We quantified the disease characteristics such as the progression and dropout rates from previous trials to explore endpoints for demonstrating disease modification effects. A set of three reasonable endpoints are proposed in the current report. Whether divergence of slopes in the placebo phase should be demonstrated in the light of testing the other two hypotheses for the active phase data needs further discussion. These endpoints can guide the individual researchers and drug developers to select the most suitable design and/or endpoints for their trials. There are two important assumptions contained in our analyses presented in the current manuscript. The first assumption is that change in the total UPDRS score is a good measure of the disease and its progression rather than a score from a individual component/subscale (e.g., motor subscale scores) of the total UPDRS. The second assumption is about the time to achieving maximum symptomatic benefit. The current analysis focuses on estimating slope for testing differences in the placebo control phase as well as parallelism in the active control phase using linear models. Early dose range finding studies can provide information about the onset and offset of drug effects with adequate measurement of total UPDRS scores.
However, because of the lack of direct prior experience, data from delayed start designs will need to be subjected to extensive explorations to accumulate substantial confidence in the inferences from these analyses and to corroborate internal consistency of various analyses. Also, it would be important to learn if disease-modifying effects can be well discerned from symptomatic effects from clinical trials with varied designs such as withdrawal and natural history-staggered design (22,23).

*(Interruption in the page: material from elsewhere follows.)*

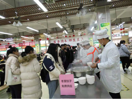 同时,学生餐厅在午餐、晚餐期间为广大师生提供了免费连汤水饺,让同学们在寒冬里感受到学校满满的温情。

We believe that our model and simulations could potentially apply toward studying and assessing a disease-modifying effect of a study drug not only for any specific stage of Parkinson’s disease and for any specific efficacy outcome measure, but also to any other neurodegenerative disease (e.g., Alzheimer’s disease) and an appropriate, respective efficacy outcome measure (e.g., Alzheimer’s Disease Assessment Scale—Cognitive).
The authors wish to acknowledge Parkinson’s Study Group, NIH Exploratory Trials in Parkinson’s Disease (NET-PD) Group for providing access to clinical trial data. We are also grateful for the insightful discussions and feedback provided by numerous FDA and academic colleagues, and by professional organizations such as American Association of Pharmaceutical Scientists (AAPS) and Michael J Fox Foundation for Parkinson’s Research.
The views expressed in this article are those of the authors and do not necessarily reflect the official views of FDA.